The required output is every line from the one containing "在鄭州航空港經(jīng)濟" through the last line of the listing below, copied exactly, pictures excluded.
══ Data ══
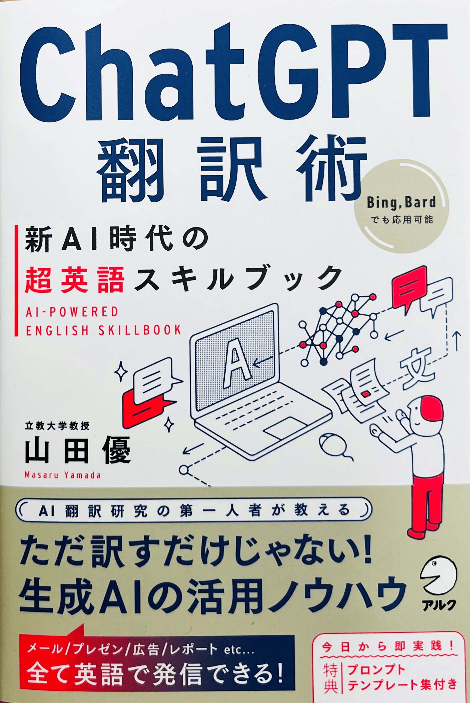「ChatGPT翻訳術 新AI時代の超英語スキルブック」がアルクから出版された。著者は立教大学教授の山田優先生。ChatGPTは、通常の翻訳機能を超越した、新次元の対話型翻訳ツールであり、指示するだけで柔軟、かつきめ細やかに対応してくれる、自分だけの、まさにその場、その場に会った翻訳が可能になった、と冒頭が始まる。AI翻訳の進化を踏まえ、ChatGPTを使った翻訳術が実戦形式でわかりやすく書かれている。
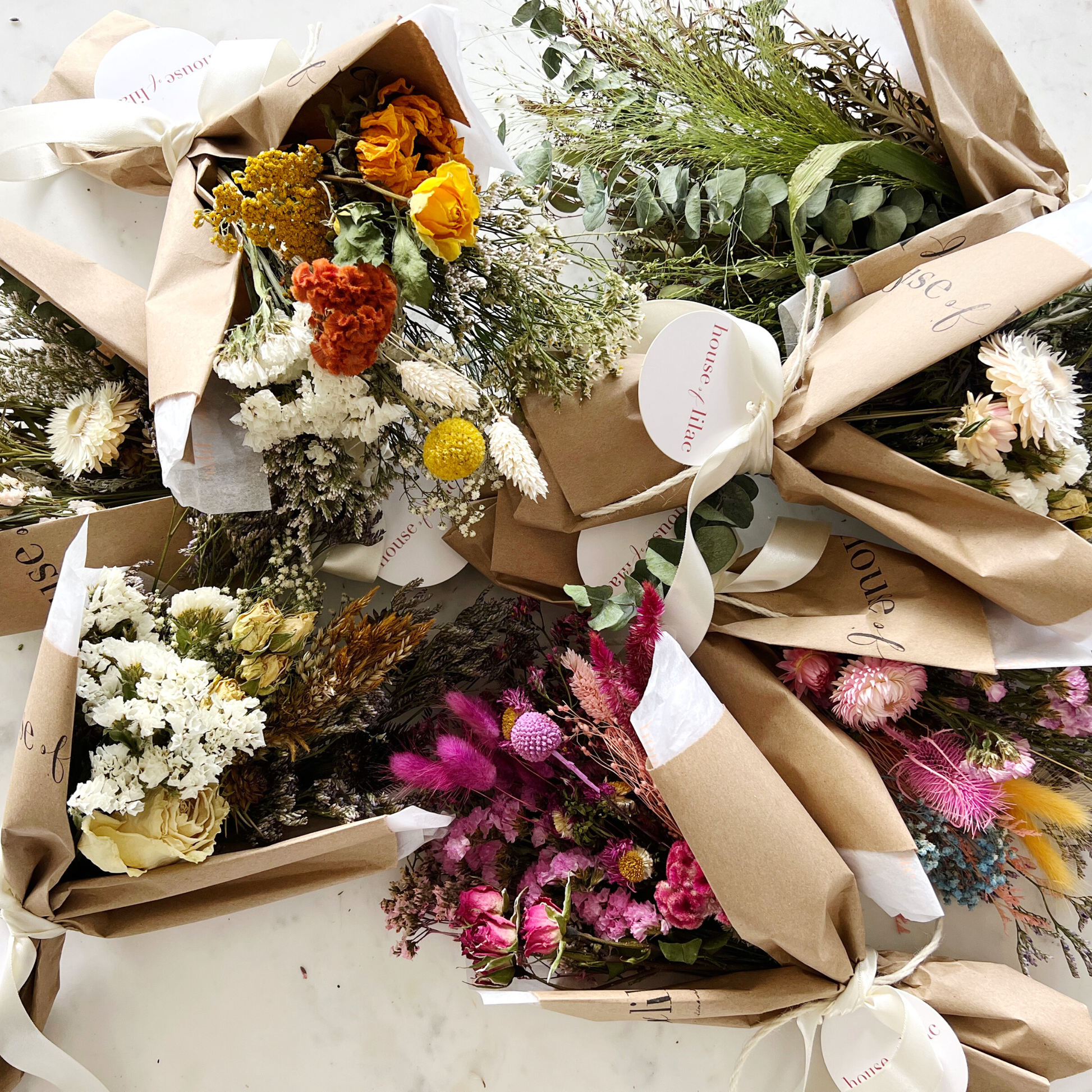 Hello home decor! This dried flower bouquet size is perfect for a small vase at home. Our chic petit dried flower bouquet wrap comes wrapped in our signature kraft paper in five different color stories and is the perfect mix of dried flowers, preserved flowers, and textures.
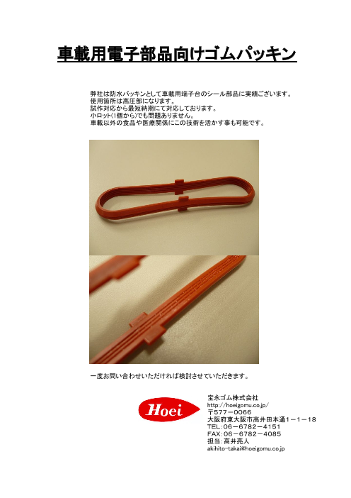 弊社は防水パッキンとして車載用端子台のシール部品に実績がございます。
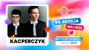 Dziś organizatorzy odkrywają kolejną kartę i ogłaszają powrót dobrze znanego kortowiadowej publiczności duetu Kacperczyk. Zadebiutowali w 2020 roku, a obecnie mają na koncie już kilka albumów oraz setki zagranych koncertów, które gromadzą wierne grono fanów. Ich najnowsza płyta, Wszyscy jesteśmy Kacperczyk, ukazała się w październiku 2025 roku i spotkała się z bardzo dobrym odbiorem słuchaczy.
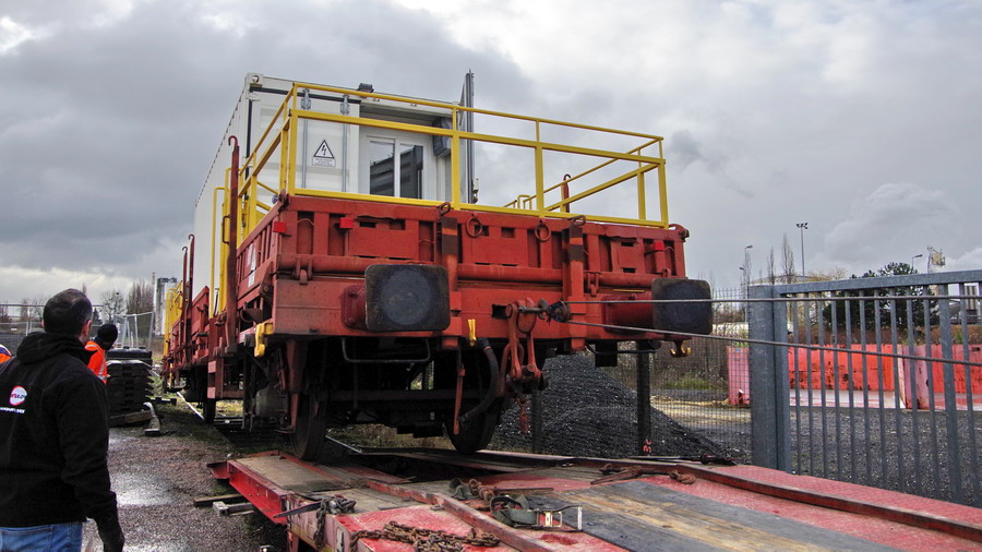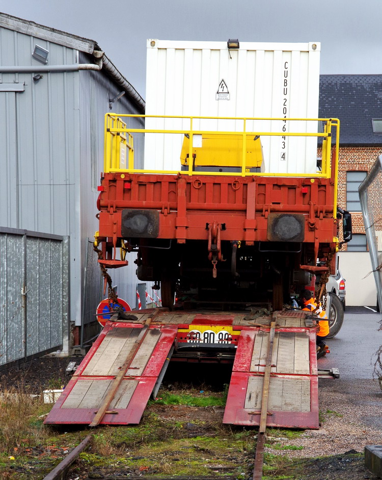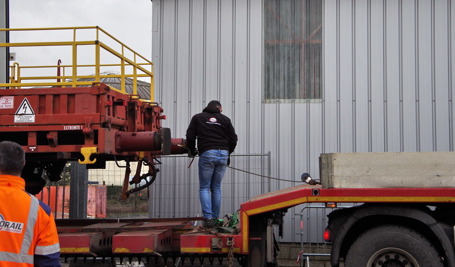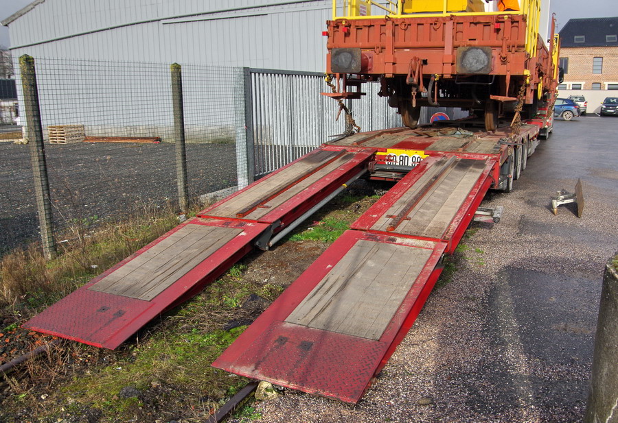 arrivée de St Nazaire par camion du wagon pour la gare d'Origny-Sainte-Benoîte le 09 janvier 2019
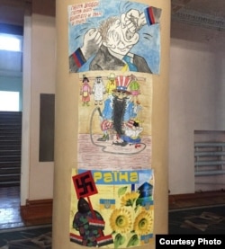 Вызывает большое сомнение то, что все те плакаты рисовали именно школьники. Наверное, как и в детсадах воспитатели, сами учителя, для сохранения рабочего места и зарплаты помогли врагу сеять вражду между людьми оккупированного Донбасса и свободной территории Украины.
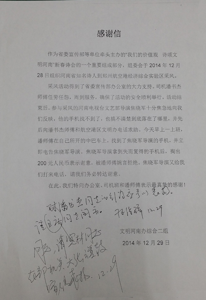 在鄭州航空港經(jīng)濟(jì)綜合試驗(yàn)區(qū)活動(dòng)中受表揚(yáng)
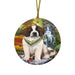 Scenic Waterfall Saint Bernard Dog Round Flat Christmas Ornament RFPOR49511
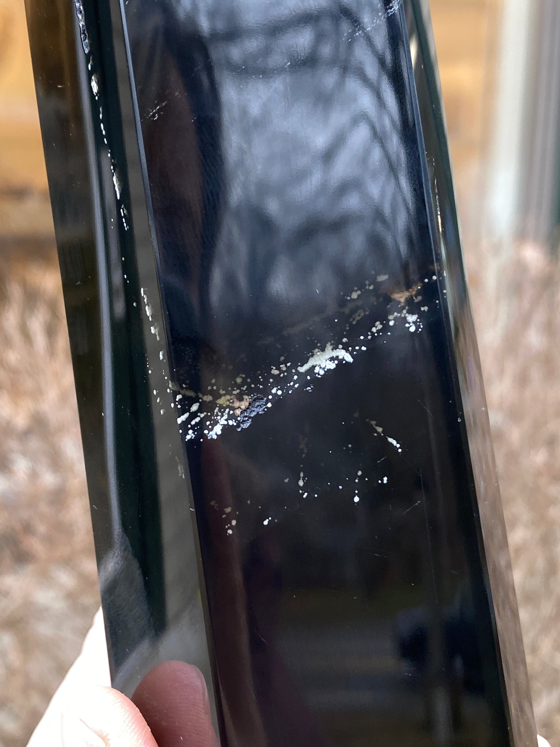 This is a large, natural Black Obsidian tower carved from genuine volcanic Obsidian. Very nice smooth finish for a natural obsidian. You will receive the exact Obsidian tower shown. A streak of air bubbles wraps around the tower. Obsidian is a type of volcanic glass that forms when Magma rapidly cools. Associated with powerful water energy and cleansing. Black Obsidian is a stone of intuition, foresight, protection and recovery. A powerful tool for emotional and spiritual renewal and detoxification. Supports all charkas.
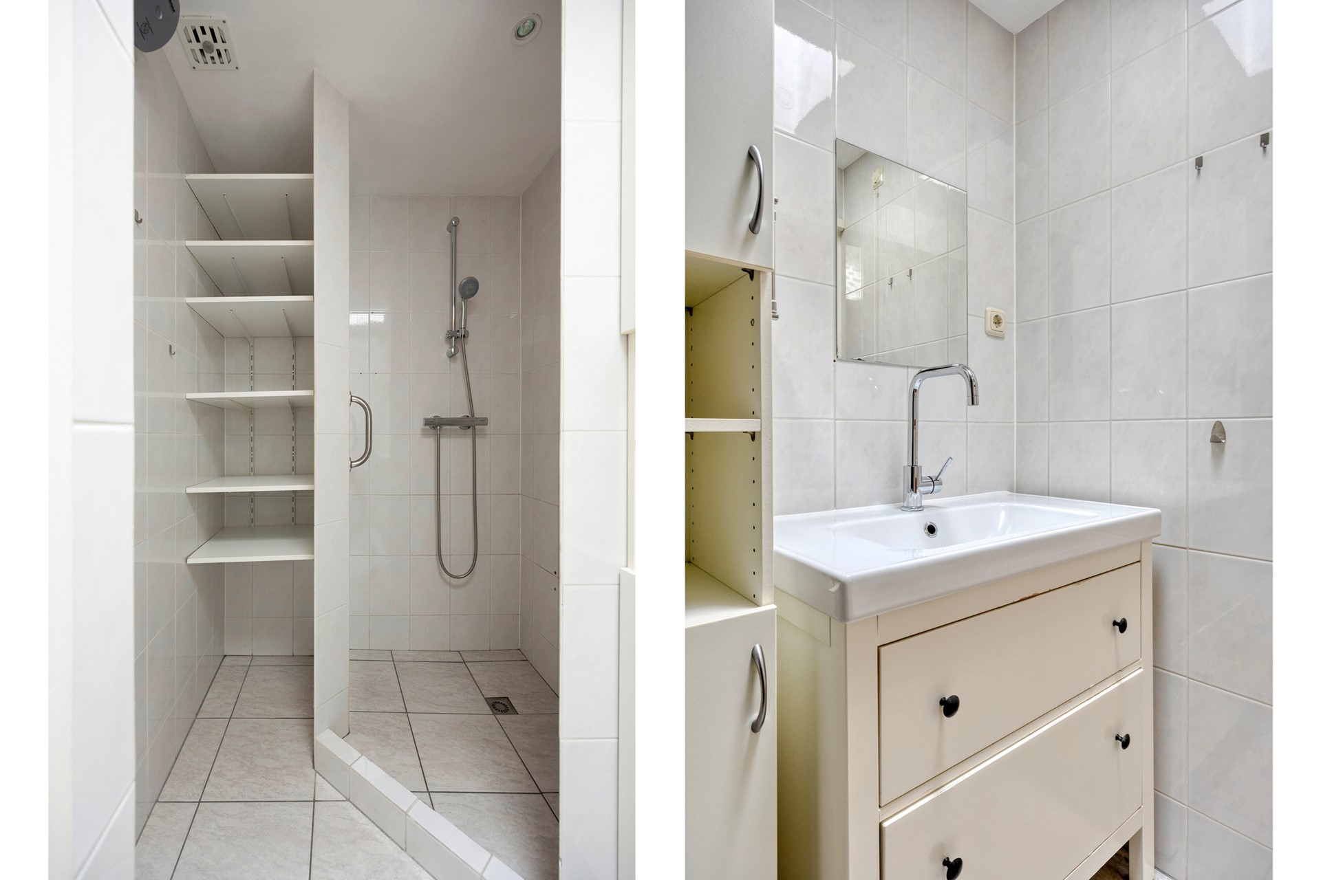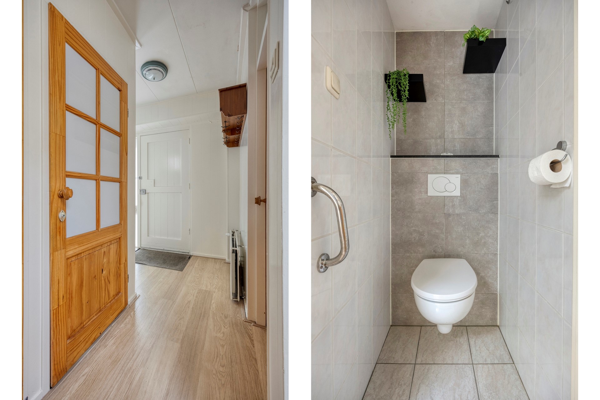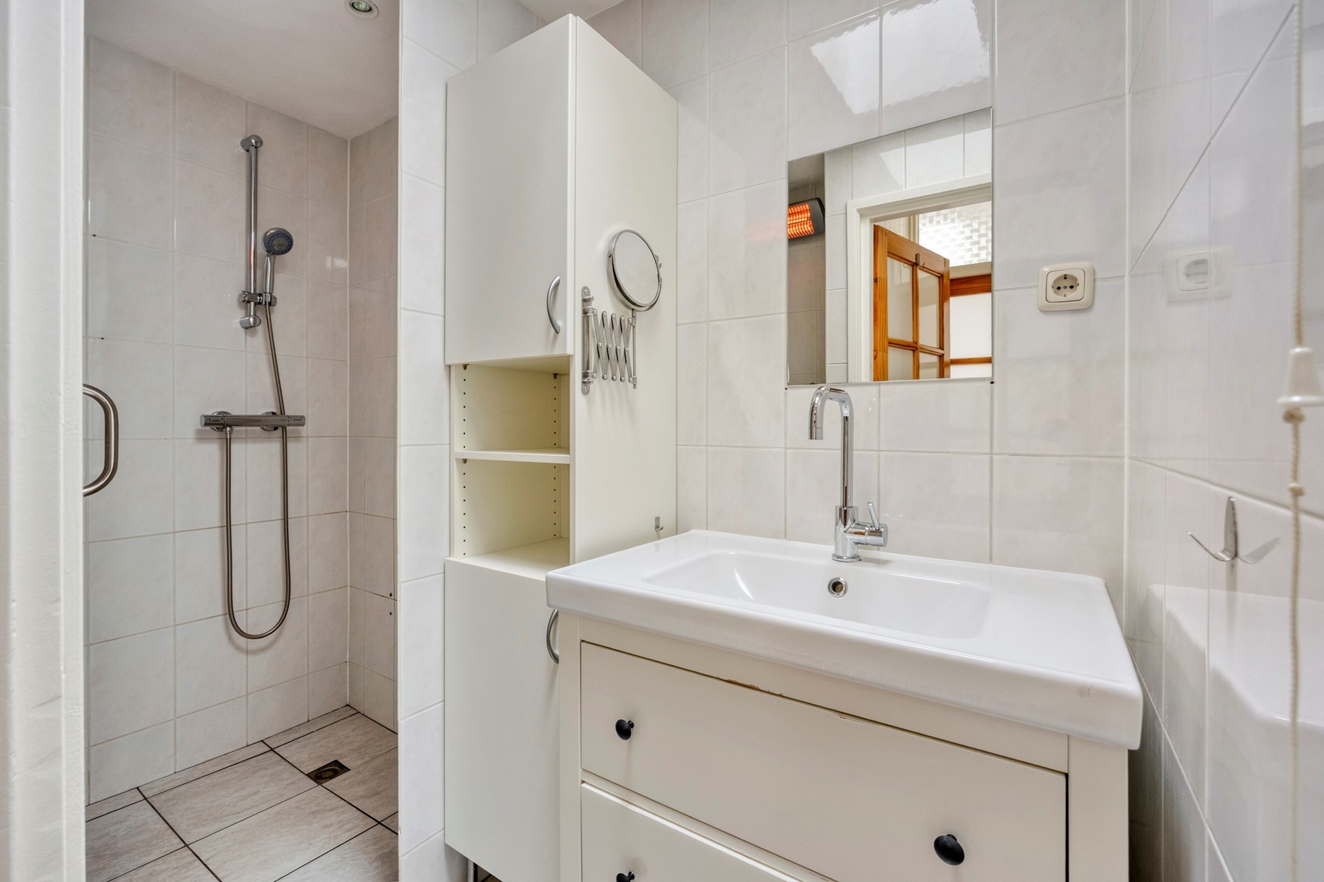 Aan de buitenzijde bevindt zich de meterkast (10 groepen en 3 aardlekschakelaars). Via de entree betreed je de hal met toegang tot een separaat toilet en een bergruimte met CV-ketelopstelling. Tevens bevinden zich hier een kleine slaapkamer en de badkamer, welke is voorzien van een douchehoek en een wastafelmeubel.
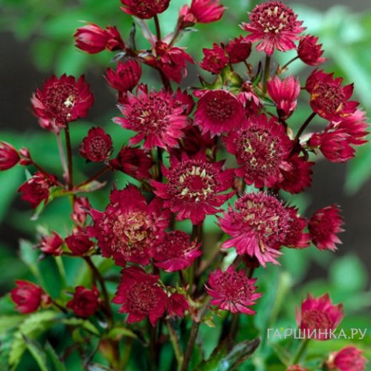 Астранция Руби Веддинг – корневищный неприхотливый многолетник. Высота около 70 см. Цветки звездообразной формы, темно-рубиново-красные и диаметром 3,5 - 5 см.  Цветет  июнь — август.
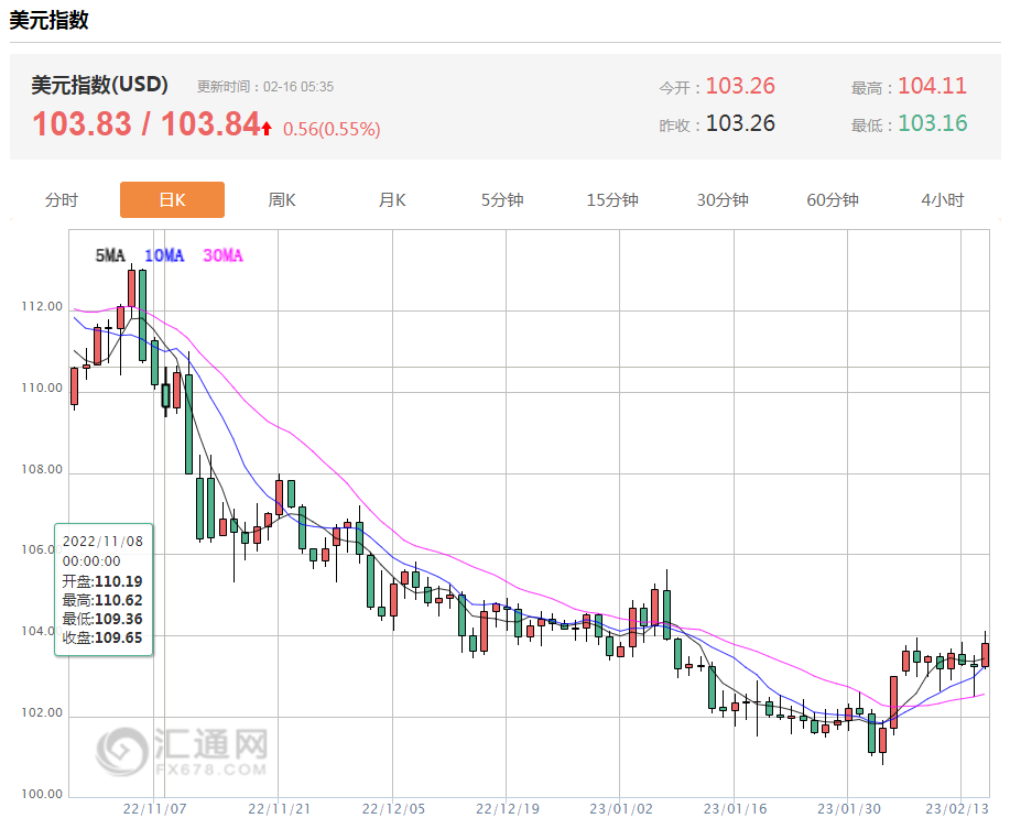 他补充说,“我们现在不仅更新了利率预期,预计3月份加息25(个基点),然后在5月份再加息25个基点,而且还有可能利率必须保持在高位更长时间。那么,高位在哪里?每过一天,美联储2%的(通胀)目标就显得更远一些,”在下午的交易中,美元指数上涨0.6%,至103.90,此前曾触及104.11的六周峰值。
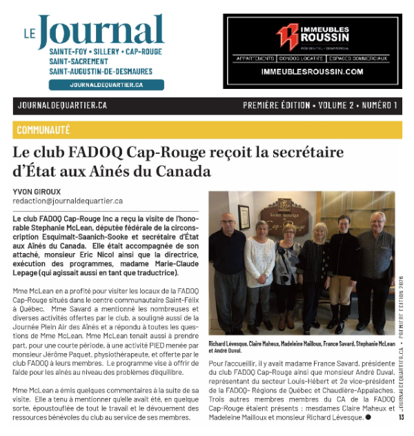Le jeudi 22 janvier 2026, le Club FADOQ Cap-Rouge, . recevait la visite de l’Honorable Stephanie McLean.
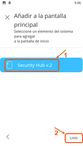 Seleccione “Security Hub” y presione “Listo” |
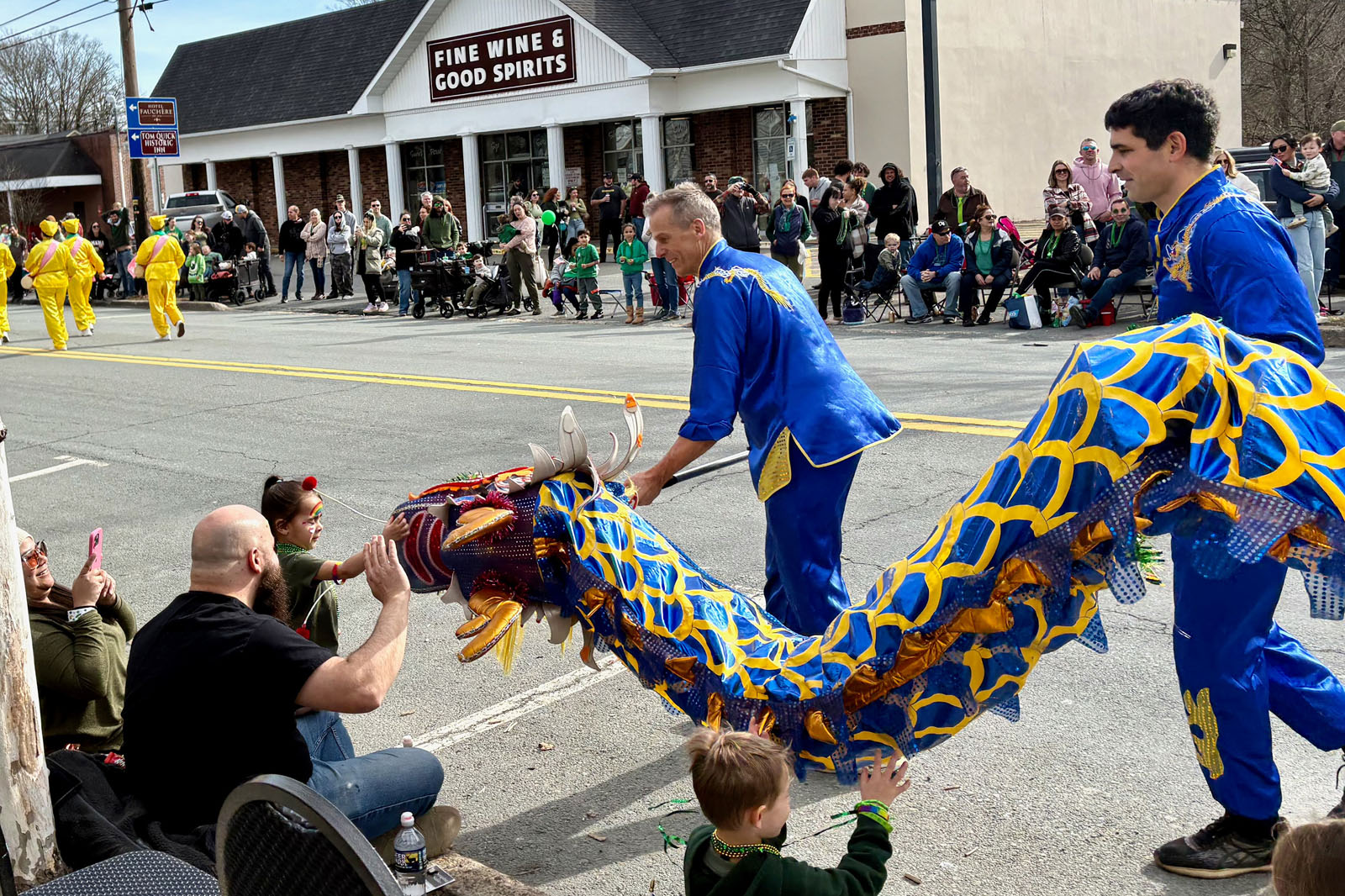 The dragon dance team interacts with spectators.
═══
**The answer:**
 在鄭州航空港經(jīng)濟(jì)綜合試驗(yàn)區(qū)活動(dòng)中受表揚(yáng)
 Scenic Waterfall Saint Bernard Dog Round Flat Christmas Ornament RFPOR49511
 This is a large, natural Black Obsidian tower carved from genuine volcanic Obsidian. Very nice smooth finish for a natural obsidian. You will receive the exact Obsidian tower shown. A streak of air bubbles wraps around the tower. Obsidian is a type of volcanic glass that forms when Magma rapidly cools. Associated with powerful water energy and cleansing. Black Obsidian is a stone of intuition, foresight, protection and recovery. A powerful tool for emotional and spiritual renewal and detoxification. Supports all charkas.
 Aan de buitenzijde bevindt zich de meterkast (10 groepen en 3 aardlekschakelaars). Via de entree betreed je de hal met toegang tot een separaat toilet en een bergruimte met CV-ketelopstelling. Tevens bevinden zich hier een kleine slaapkamer en de badkamer, welke is voorzien van een douchehoek en een wastafelmeubel.
 Астранция Руби Веддинг – корневищный неприхотливый многолетник. Высота около 70 см. Цветки звездообразной формы, темно-рубиново-красные и диаметром 3,5 - 5 см.  Цветет  июнь — август.
 他补充说,“我们现在不仅更新了利率预期,预计3月份加息25(个基点),然后在5月份再加息25个基点,而且还有可能利率必须保持在高位更长时间。那么,高位在哪里?每过一天,美联储2%的(通胀)目标就显得更远一些,”在下午的交易中,美元指数上涨0.6%,至103.90,此前曾触及104.11的六周峰值。
Le jeudi 22 janvier 2026, le Club FADOQ Cap-Rouge, . recevait la visite de l’Honorable Stephanie McLean.
 Seleccione “Security Hub” y presione “Listo” |
 The dragon dance team interacts with spectators.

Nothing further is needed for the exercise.